Code Sample, a copy-pastable example if possible

Using DataFrame.set_index as an example, but this applies to other methods that take an inplace kwarg:

# The following work
df.set_index('foo', drop=0)
df.set_index('foo', append='yes please')
df.set_index('foo', verify_integrity=22.7)
# This doesn't
df.set_index('foo', inplace=1)

The last line raises ValueError: For argument "inplace" expected type bool, received type int.1

Problem description

This behaviour seems inconsistent.

Expected Output

The last line should proceed successfully with inplace treated as True.

Or every boolean kwarg should be type-checked, though I like this option much less. I think using 0/1 as shorthand for True/False is a pretty common idiom.

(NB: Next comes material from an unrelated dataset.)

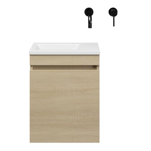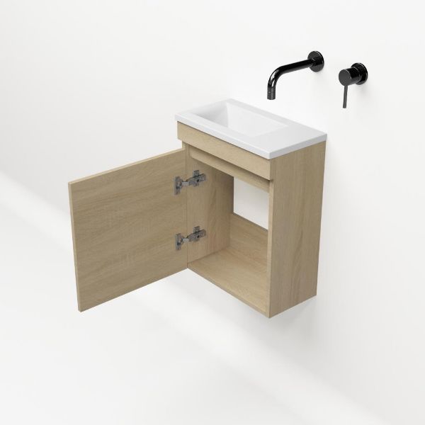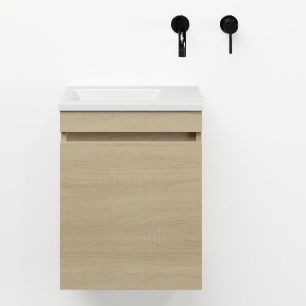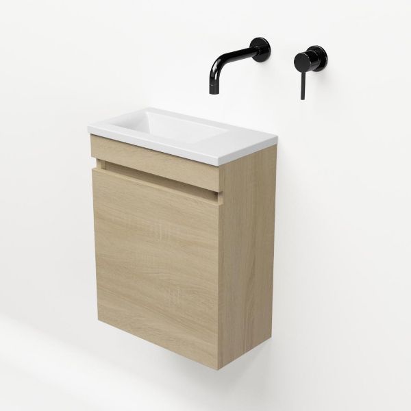 Greeploos fonteinmeubel in de kleur eiken licht is 40 cm breed. De wastafel is vervaardig in polystone en heeft de kleur wit keramiek met 0 kraangaten
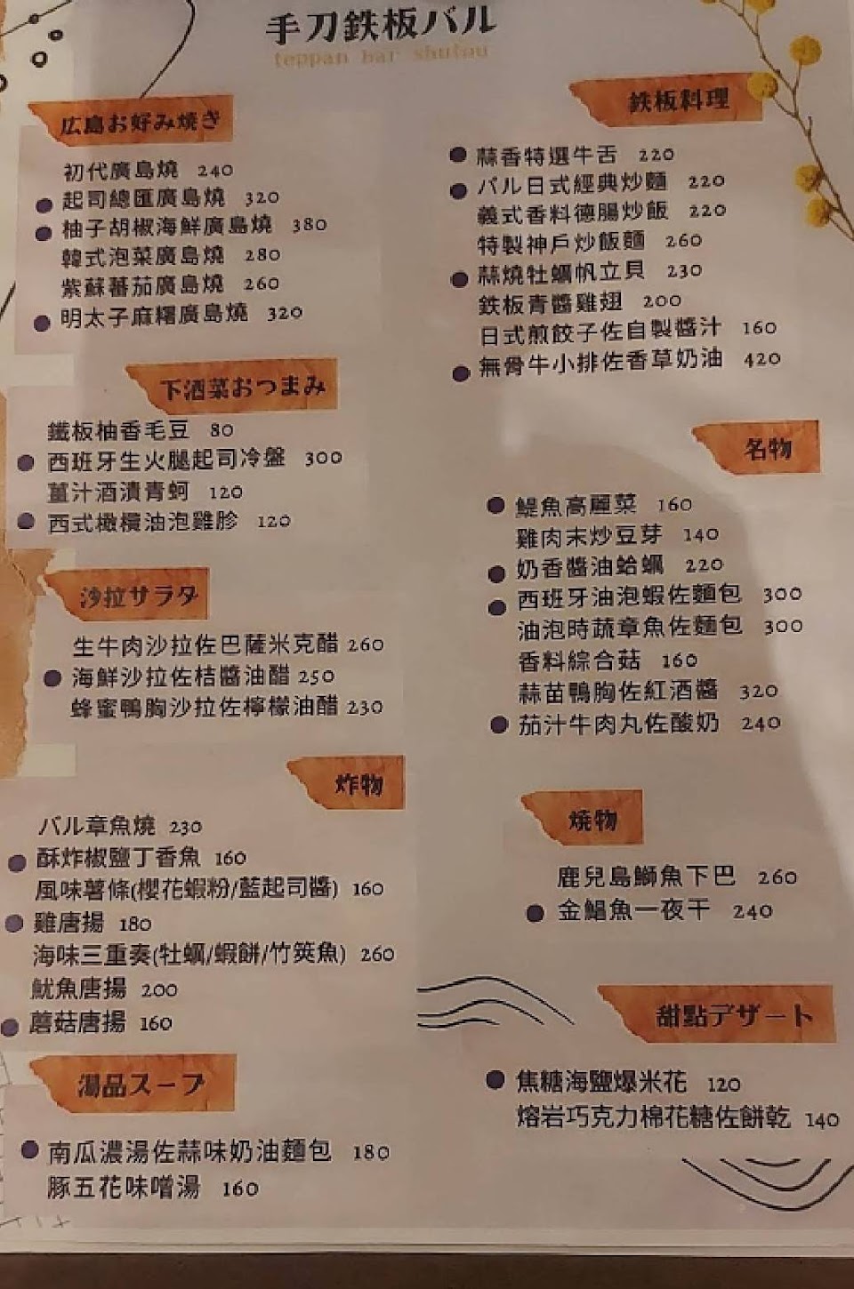 菜單的主食大致分為廣島燒及鐵板料理(炒飯、炒麵等等)

It looks like this is the result of a somewhat recent 'bug fix': #14189. To me, it feels like a regression.

Output of pd.show_versions()

INSTALLED VERSIONS ------------------ commit: None python: 2.7.12.final.0 python-bits: 64 OS: Linux OS-release: 4.4.0-78-generic machine: x86_64 processor: x86_64 byteorder: little LC_ALL: None LANG: en_US.utf8 LOCALE: en_US.UTF-8 pandas: 0.20.1 pytest: None pip: 9.0.1 setuptools: 36.0.1 Cython: None numpy: 1.12.1 scipy: 0.19.0 xarray: None IPython: 5.4.1 sphinx: None patsy: None dateutil: 2.6.0 pytz: 2017.2 blosc: None bottleneck: None tables: 3.3.0 numexpr: 2.6.2 feather: None matplotlib: 2.0.2 openpyxl: None xlrd: None xlwt: None xlsxwriter: None lxml: None bs4: 4.4.1 html5lib: 0.9999999 sqlalchemy: None pymysql: None psycopg2: None jinja2: 2.9.6 s3fs: None pandas_gbq: None pandas_datareader: None

Comment From: gfyoung

I think using 0/1 as shorthand for True/False is a pretty common idiom.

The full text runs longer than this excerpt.